### Activity
Return all entries precisely as they stand, without the images.
========================================================================
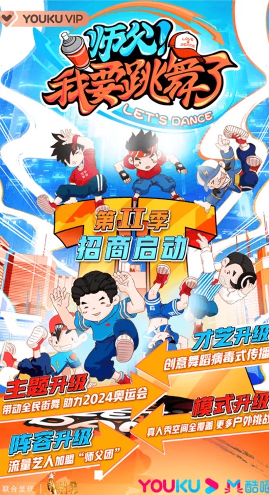 另外,还有街舞教学明星体验真人秀《师父!我要跳舞了》,在前一季基础之上,第二季将在艺人、主题、场景等方面进行全新升级,助力2024年Breaking作为体育街舞入局奥运。
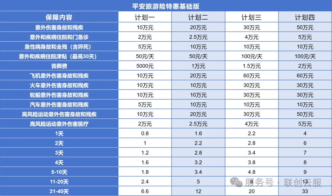 20日深度游:保费2.4元起(计划一)。(更高计划的详细费率请参照表格或咨询顾问,计划四最长40天保费为33元。)
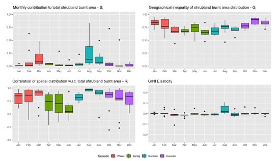 Finally, the results obtained for the burned shrubland area are found in Figure 7. Similar results are obtained for the analysis of the woodland. March, August and September are again the dominant months in terms of contribution. Late autumn and early winter are the periods with the largest spatial inhomogeneity. Correlations are, on average, always positive, and high in August, as well as in March, September and October. The other months have lower average values, but with a relatively high variation. Finally, August is also the dominant month in terms of elasticity. The other months have low average elasticity, although with some significant outliers.
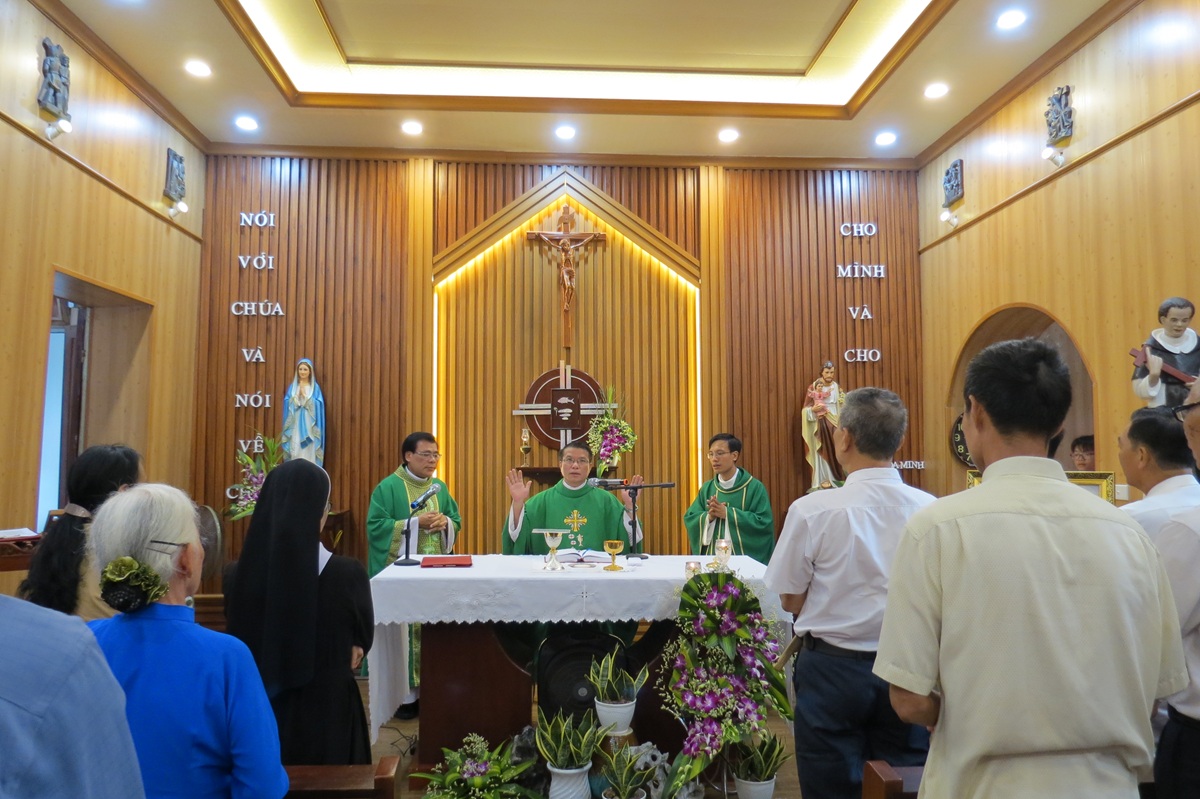 Mở đầu thánh lễ, cha Giuse Đinh Xuân Ngọc – chánh xứ Lê Xá – đã mời gọi cộng đoàn sống tâm tình biết ơn và cầu nguyện cho Xơ Gioanna vì những đóng góp to lớn của Xơ đối với Hội dòng và giáo xứ Ngọc Đồng. Cha cũng nhấn mạnh rằng, chúng ta cần nhạy cảm trước những nhu cầu của người thiếu thốn – không chỉ về vật chất mà còn về tinh thần, tình yêu thương và sự cảm thông. Hãy mang Chúa đến với họ qua đời sống quảng đại và yêu thương của mỗi người.
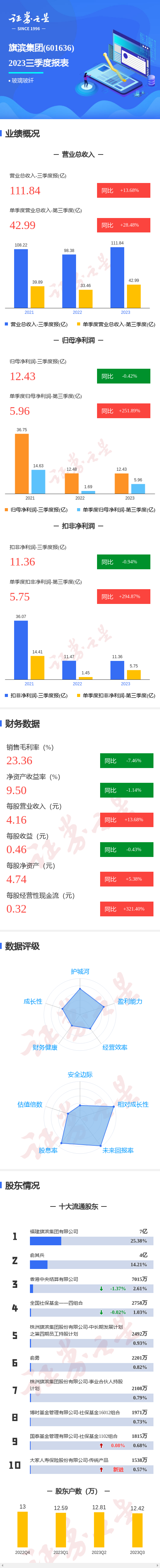证券之星消息,旗滨集团2023年三季报显示,公司主营收入111.85亿元,同比上升13.68%;归母净利润12.43亿元,同比下降0.42%;扣非净利润11.37亿元,同比下降0.94%;其中2023年第三季度,公司单季度主营收入43.0亿元,同比上升28.48%;单季度归母净利润5.96亿元,同比上升251.89%;单季度扣非净利润5.75亿元,同比上升294.87%;负债率53.42%,投资收益224.18万元,财务费用1.01亿元,毛利率23.36%。
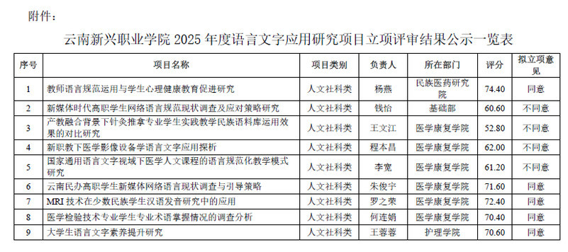 为深入推进学校语言文字应用工作,紧密对接国家语言文字工作战略部署,切实提升学校科研服务职业教育与文化传承创新的能力,2025年6月4日,学校2025年度语言文字应用研究项目立项评审会在禄劝校区医学康复学院211...
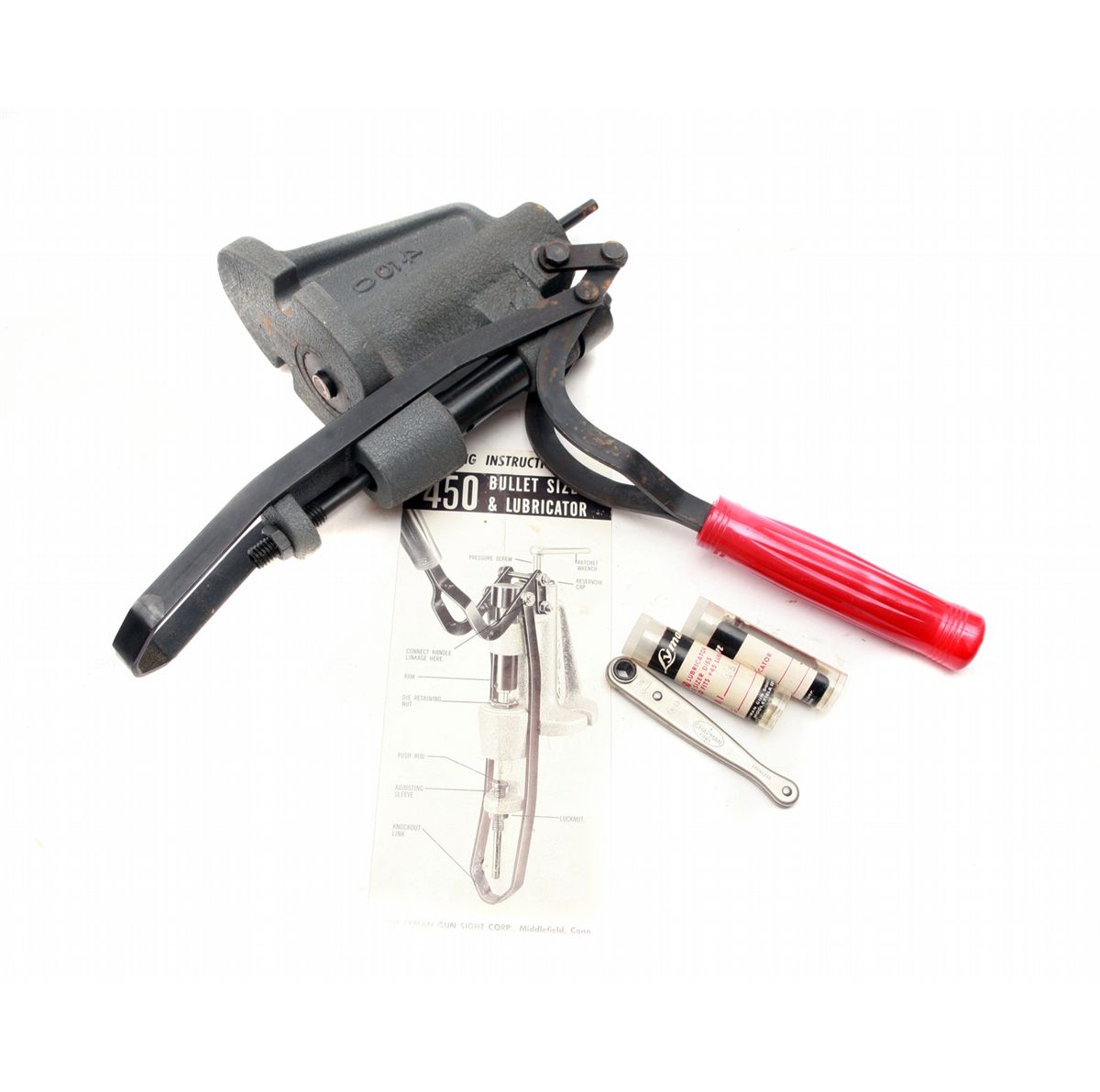 Like new condition Lyman 450 bullet sizer & lubricator - includes two dies in .358 & .452 in plastic cases - tool included - owner manual - non-ffl - 25IIHCKS006
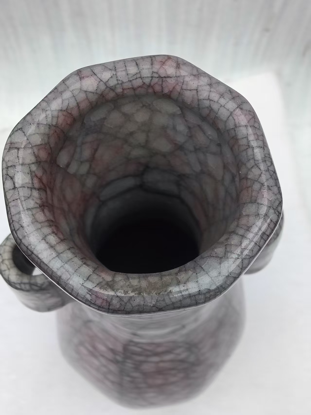 哥窑倭角八方贯耳瓶
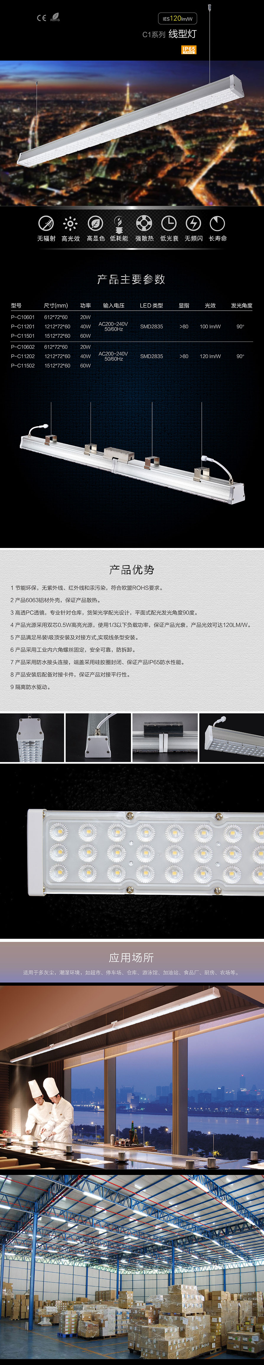 - 產(chǎn)品名稱: C1系列 LED線型燈 120LM/W 100LM/W
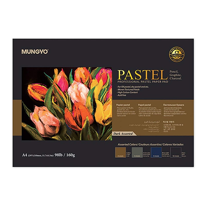 MUNGYO Professional Pastel Paper Pad A4 Size for Oil Pastel, Dry Pastel 30 Sheets (Dark Assorted)
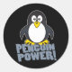 Un estilizado pegatina de pingüinos con las palabras "¡Poder Pingüino!", simbólico del sistema operativo Linux.
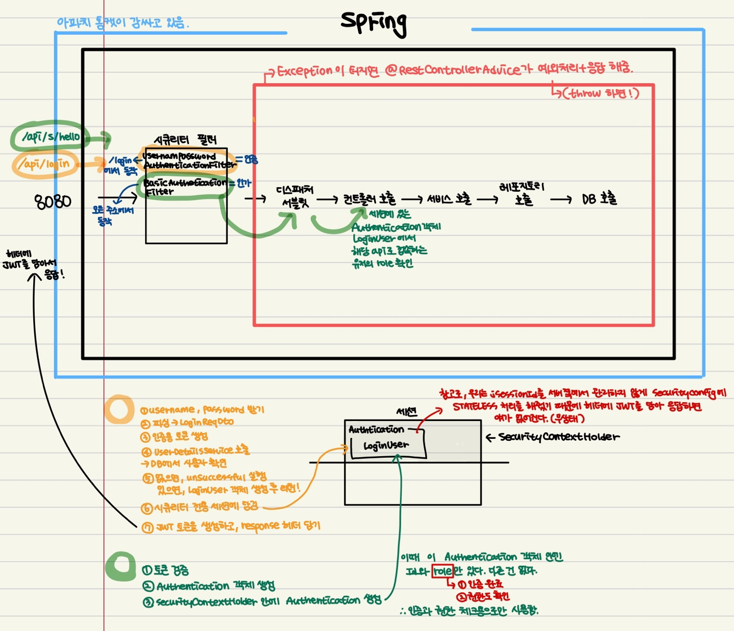 이제 인증 필터와 인가 필터를 구현해야한다. 전체적인 흐름을 그림으로 정리해보았다.
========================================================================
### Written reply
 另外,还有街舞教学明星体验真人秀《师父!我要跳舞了》,在前一季基础之上,第二季将在艺人、主题、场景等方面进行全新升级,助力2024年Breaking作为体育街舞入局奥运。
 20日深度游:保费2.4元起(计划一)。(更高计划的详细费率请参照表格或咨询顾问,计划四最长40天保费为33元。)
 Finally, the results obtained for the burned shrubland area are found in Figure 7. Similar results are obtained for the analysis of the woodland. March, August and September are again the dominant months in terms of contribution. Late autumn and early winter are the periods with the largest spatial inhomogeneity. Correlations are, on average, always positive, and high in August, as well as in March, September and October. The other months have lower average values, but with a relatively high variation. Finally, August is also the dominant month in terms of elasticity. The other months have low average elasticity, although with some significant outliers.
 Mở đầu thánh lễ, cha Giuse Đinh Xuân Ngọc – chánh xứ Lê Xá – đã mời gọi cộng đoàn sống tâm tình biết ơn và cầu nguyện cho Xơ Gioanna vì những đóng góp to lớn của Xơ đối với Hội dòng và giáo xứ Ngọc Đồng. Cha cũng nhấn mạnh rằng, chúng ta cần nhạy cảm trước những nhu cầu của người thiếu thốn – không chỉ về vật chất mà còn về tinh thần, tình yêu thương và sự cảm thông. Hãy mang Chúa đến với họ qua đời sống quảng đại và yêu thương của mỗi người.
证券之星消息,旗滨集团2023年三季报显示,公司主营收入111.85亿元,同比上升13.68%;归母净利润12.43亿元,同比下降0.42%;扣非净利润11.37亿元,同比下降0.94%;其中2023年第三季度,公司单季度主营收入43.0亿元,同比上升28.48%;单季度归母净利润5.96亿元,同比上升251.89%;单季度扣非净利润5.75亿元,同比上升294.87%;负债率53.42%,投资收益224.18万元,财务费用1.01亿元,毛利率23.36%。
 为深入推进学校语言文字应用工作,紧密对接国家语言文字工作战略部署,切实提升学校科研服务职业教育与文化传承创新的能力,2025年6月4日,学校2025年度语言文字应用研究项目立项评审会在禄劝校区医学康复学院211...
 Like new condition Lyman 450 bullet sizer & lubricator - includes two dies in .358 & .452 in plastic cases - tool included - owner manual - non-ffl - 25IIHCKS006
 哥窑倭角八方贯耳瓶
 - 產(chǎn)品名稱: C1系列 LED線型燈 120LM/W 100LM/W
 MUNGYO Professional Pastel Paper Pad A4 Size for Oil Pastel, Dry Pastel 30 Sheets (Dark Assorted)
 Un estilizado pegatina de pingüinos con las palabras "¡Poder Pingüino!", simbólico del sistema operativo Linux.
 이제 인증 필터와 인가 필터를 구현해야한다. 전체적인 흐름을 그림으로 정리해보았다.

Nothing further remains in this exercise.